Friday, December 21, 2007
Access the opinion here. Chandler begins:
In classical mythology, it took a demigod to subdue Cerberus, the beastly three-headed dog that guarded the gates of the underworld.1 In his twelfth and final labor, Heracles2 journeyed to Hades to battle, tame, and capture the monstrous creature. In this case, plaintiff United Rentals, Inc. journeyed to Delaware to conquer a more modern obstacle that, rather than guards the gates to the afterlife, stands in the way of the consummation of a merger. Nevertheless, like the three heads of the mythological Cerberus, the private equity firm of the same name presents three substantial challenges to plaintiff’s case: (1) the language of the Merger Agreement, (2) evidence of the negotiations between the parties, and (3) a doctrine of contract interpretation known as the forthright negotiator principle. In this tale the three heads prove too much to overcome.
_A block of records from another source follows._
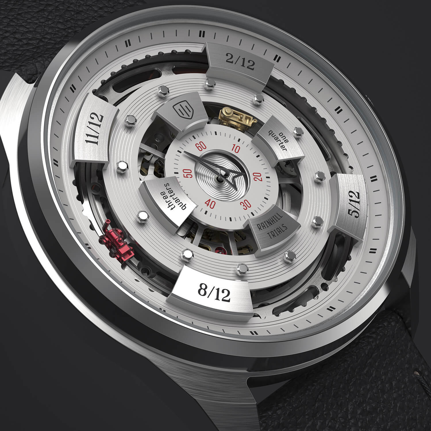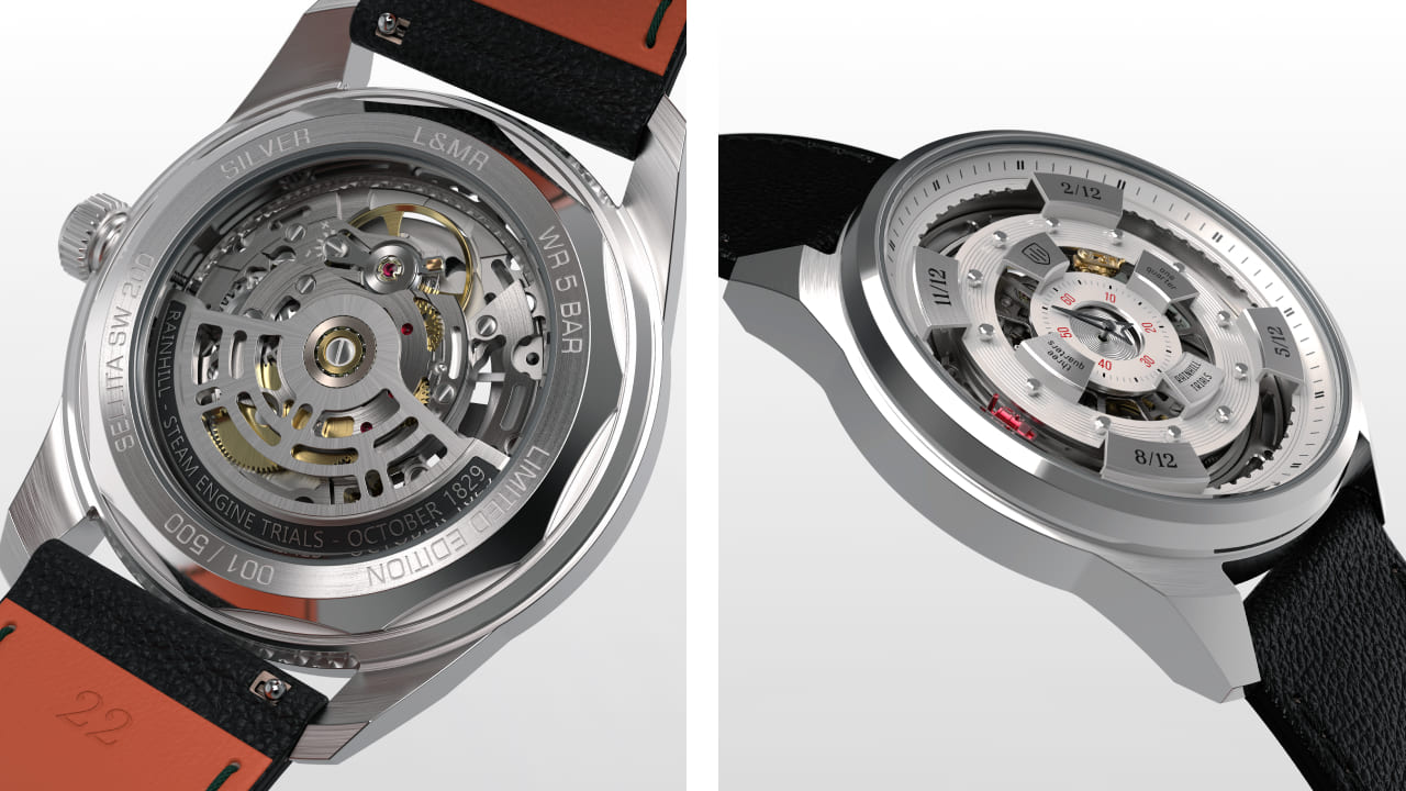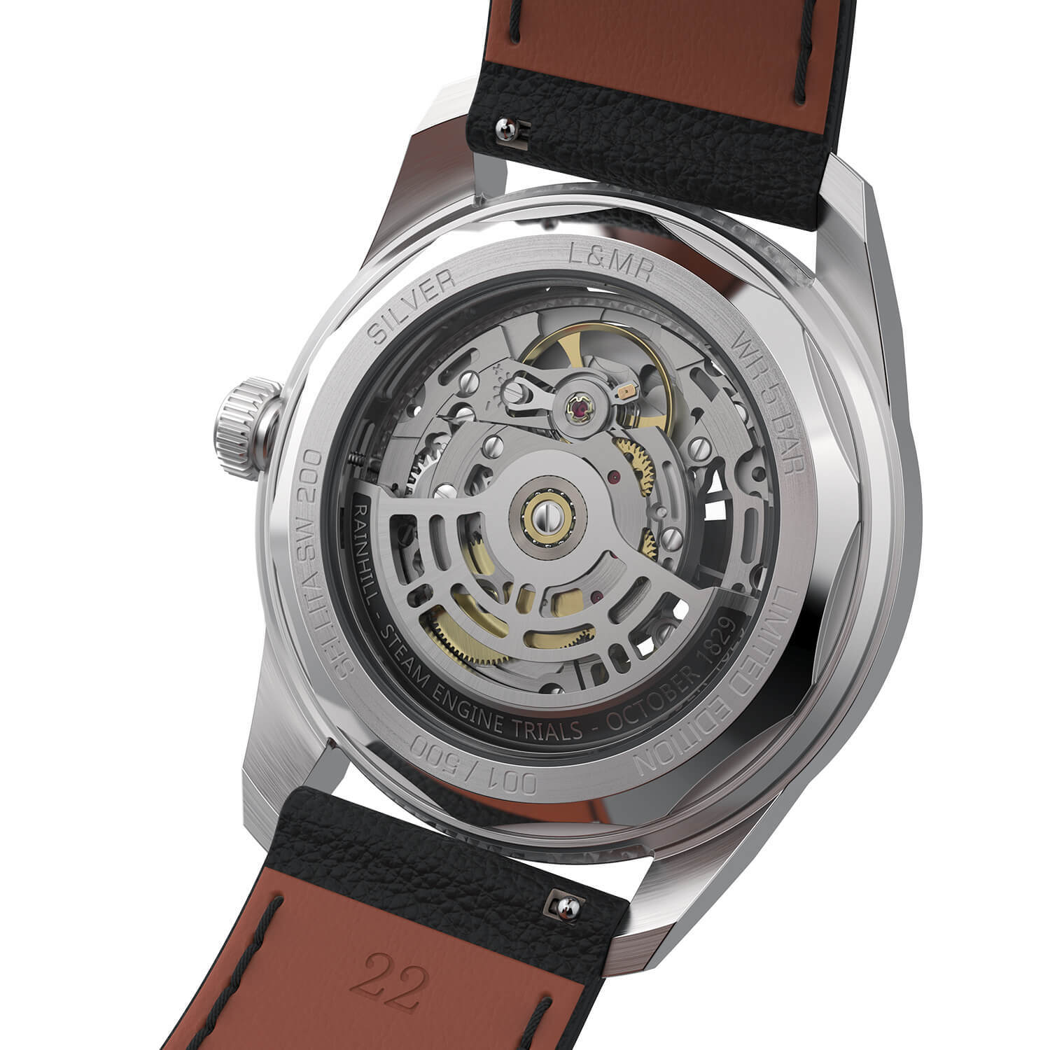 Отличительными особенностями коллекции L&MR Rainhill Trials являются трехмерные детализированные стрелки-локомотивы, выполненные из металла. Стилизованные паровозы приводятся в движение кастомизированным швейцарским механизмом Sellita SW200 с автоподзаводом, который можно наблюдать через сложный скелетонизированный циферблат
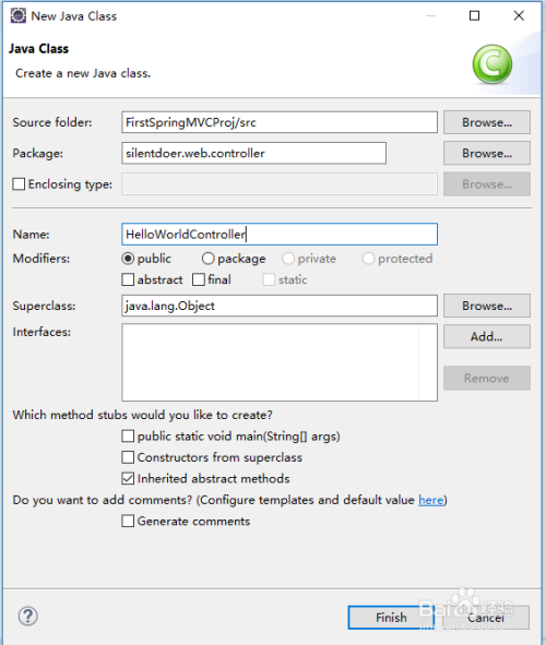 接下来对silentdoer.web.controller右键,New-Class新建一个类名为HelloWorldController,如图:
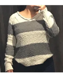 Suéter gris-blanco. Suéter súper lindo con una tela bien calientita, muy cómodo, ningún detalle.

the dispute between URI and Cerberus is a good, old-fashioned contract case prompted by buyer’s remorse . . . .As with many contract disputes, hindsight affords the Court a perspective from which it is clear that this case could have been avoided: if Cerberus had simply deleted section 9.10(b), the contract would not be ambiguous, and URI would not have filed this suit. The law of contracts, however, does not require parties to choose optimally clear language; in fact, parties often riddle their agreements with a certain amount of ambiguity in order to reach a compromise. Although the language in this Merger Agreement remains ambiguous, the understanding of the parties does not. One may plausibly upbraid Cerberus for walking away from this deal, for favoring their lenders over their targets, or for suboptimal contract editing, but one cannot reasonably criticize the firm for a failure to represent its understanding of the limitations on remedies provided by this Merger Agreement. From the beginning of the process, Cerberus and its attorneys have aggressively negotiated this contract, and along the way they have communicated their intentions and understandings to URI. Despite the Herculean efforts of its litigation counsel . . . . Indeed, defendants have admitted that they have breached the Merger Agreement and seek no protection from the Agreement’s MAC clause. . . . . URI could not overcome the apparent lack of communication of its intentions and understandings to defendants. Even if URI’s deal attorneys did not affirmatively and explicitly agree to the limitation on specific performance as several witnesses allege they did on multiple occasions, no testimony at trial rebutted the inference that I must reasonably draw from the evidence: by July 22, 2007, URI knew or should have known what Cerberus’s understanding of the Merger Agreement was, and if URI disagreed with that understanding, it had an affirmative duty to clarify its position in the face of an ambiguous contract with glaringly conflicting provisions. Because it has failed to meet its burden of demonstrating that the common understanding of the parties permitted specific performance of the Merger Agreement, URI’s petition for specific performance is denied.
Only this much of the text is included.